If you suspect you or a team member has some bad habits where conversation and conflict are concerned, don’t hesitate to get help for yourself or encourage better communication skills among your employees. Listening and productive conversation are learned skills that can be acquired or improved through coaching.

Step 3: Get buy-in for new goals

When it comes to setting specific goals for your team, it’s wise to avoid making unilateral decisions 100 percent of the time. Sometimes getting consensus about team goals can build buy-in and enthusiasm for what lies ahead.

If you’ve dictated all goals in the past, consider a change: Ask how your team thinks things are working before setting new targets. Find out if they feel like they’ve got the tools, training or experience they need to do their jobs well.

Listen and try to understand the points employees are making so that any new goals address their concerns.

Consulting your team about process improvements may also uncover areas for improvement that aren’t on your radar.

For instance, your accountant may have ideas to fine tune your invoicing system that will improve how quickly invoices go out. You’ve gathered vital information on a key process that impacts cash flow and can work with the accounting team to set defined, realistic goals for improvement.

Step 4: Be open to change

It can be difficult to admit when an investment in the business or a new process isn’t working and needs to be changed. It’s especially hard when large amounts of time and money have been spent.

But, if you’re committed to better productivity, it’s important to recognize failure and take steps to correct the situation.

Consider that open office you invested in just three years ago. Everyone loved the idea of more natural light and casual gathering spaces. But is the reality of working with no walls killing employee productivity? Has coworker conflict increased?

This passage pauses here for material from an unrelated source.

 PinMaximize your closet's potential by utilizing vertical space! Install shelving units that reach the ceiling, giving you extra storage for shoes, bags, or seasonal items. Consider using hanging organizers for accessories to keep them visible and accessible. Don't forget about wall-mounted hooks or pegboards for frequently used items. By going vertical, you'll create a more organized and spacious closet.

Rather than digging in your heels and insisting your employees work in an unproductive environment, offer solutions to appease their concerns. Maybe a third of your employees need walled offices for quiet, while others thrive in the open spaces.

Maybe those casual gathering places need walls so impromptu meetings don’t disturb the whole office. Being open to change will improve productivity.

Step 5: Trust your people

Trust is probably the most important element needed to improve employee performance. Employees want to feel like their leader trusts them to perform the assigned tasks to the best of their ability.

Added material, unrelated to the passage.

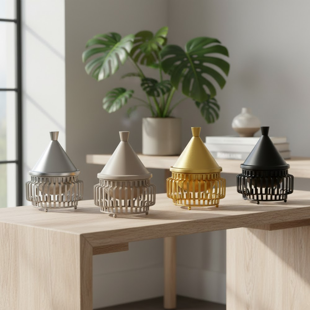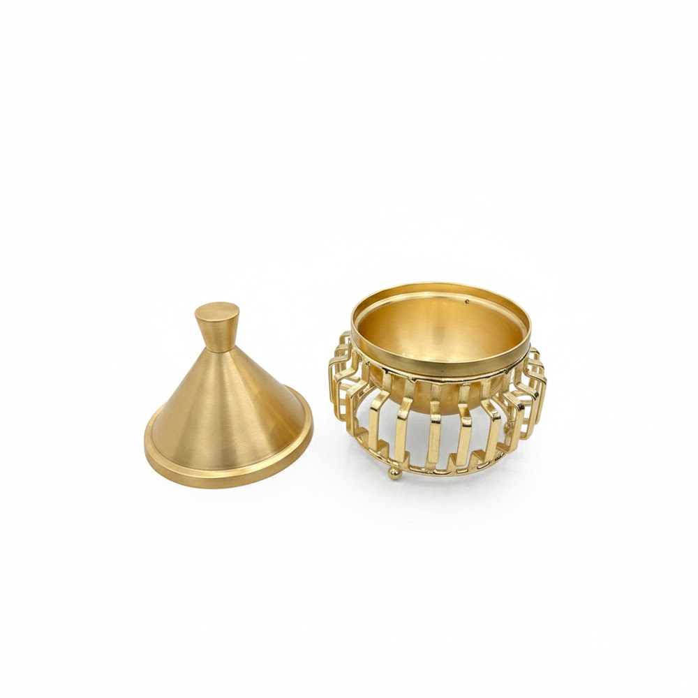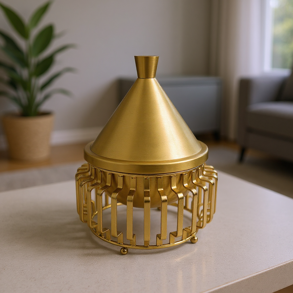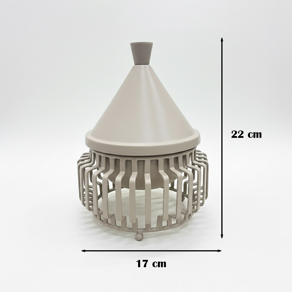 صممت هذه التمرية لتجمع بين عبق التراث العربي والتصميم المودرن الأنيق، حيث تتميز بقاعدة معدنية بتصميم هندسي فريد وغطاء مخروطي يمنحها مظهراً استثنائياً في جميع مناسباتكم وجمعاتكم.

A strong manager sets clear standards, communicates goals and removes roadblocks. But they also trust their staff to accomplish what needs to be done. If you feel like a glorified babysitter, consider whether the real problem is your micromanagement.

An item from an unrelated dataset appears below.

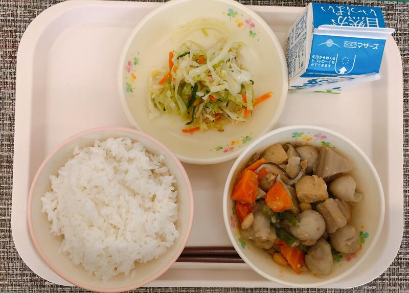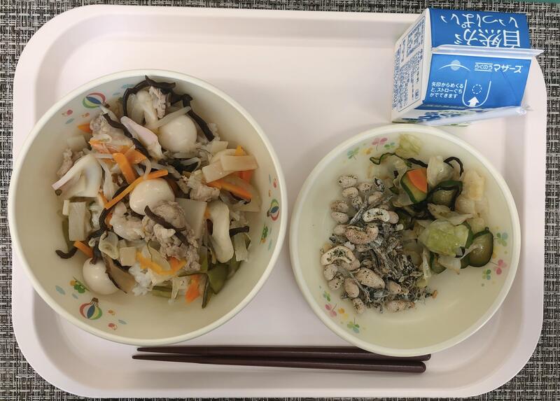 6月7日の給食は「ごはん、牛乳、大豆入り筑前煮、たくあんの香りあえ」でした。

Say Taylor comes in at 9:15 a.m. rather than 9:00. Do you write her up for tardiness? Or, do you stop to remember that you were copied on a batch of client emails she spent an hour answering from home before coming into the office?

Some managers find it hard to look at the quality and quantity of someone’s work, rather than whether the person is sitting at their desk at 9 a.m. sharp. However, if you focus on the work getting done, you’ll find that trust is the foolproof productivity hack you’ve been looking for.

Step 6: Review the basics

Business trends ebb and flow over time, but the basics of good management don’t change. This requires that you pay attention to the most common reasons why productivity suffers:

  • Do employees attend meetings all day, leaving no time to get work done? Can some meetings be eliminated? Can you give employees permission to skip meetings if they have a more pressing deadline?
  • Do multiple meetings leave staff with blocks of time too brief to get meaningful work accomplished?
  • Are employees thanked for their hard work and accomplishments?
  • Does your staff have the equipment and training that they need?
  • Are your productivity apps really helping?
  • Does your onboarding process support a new employee’s ability to ramp up quickly?
  • Are you measuring the right things?

A solid internal review of your own work habits, combined with a review of team productivity, can spur year-long results for you and everyone around you.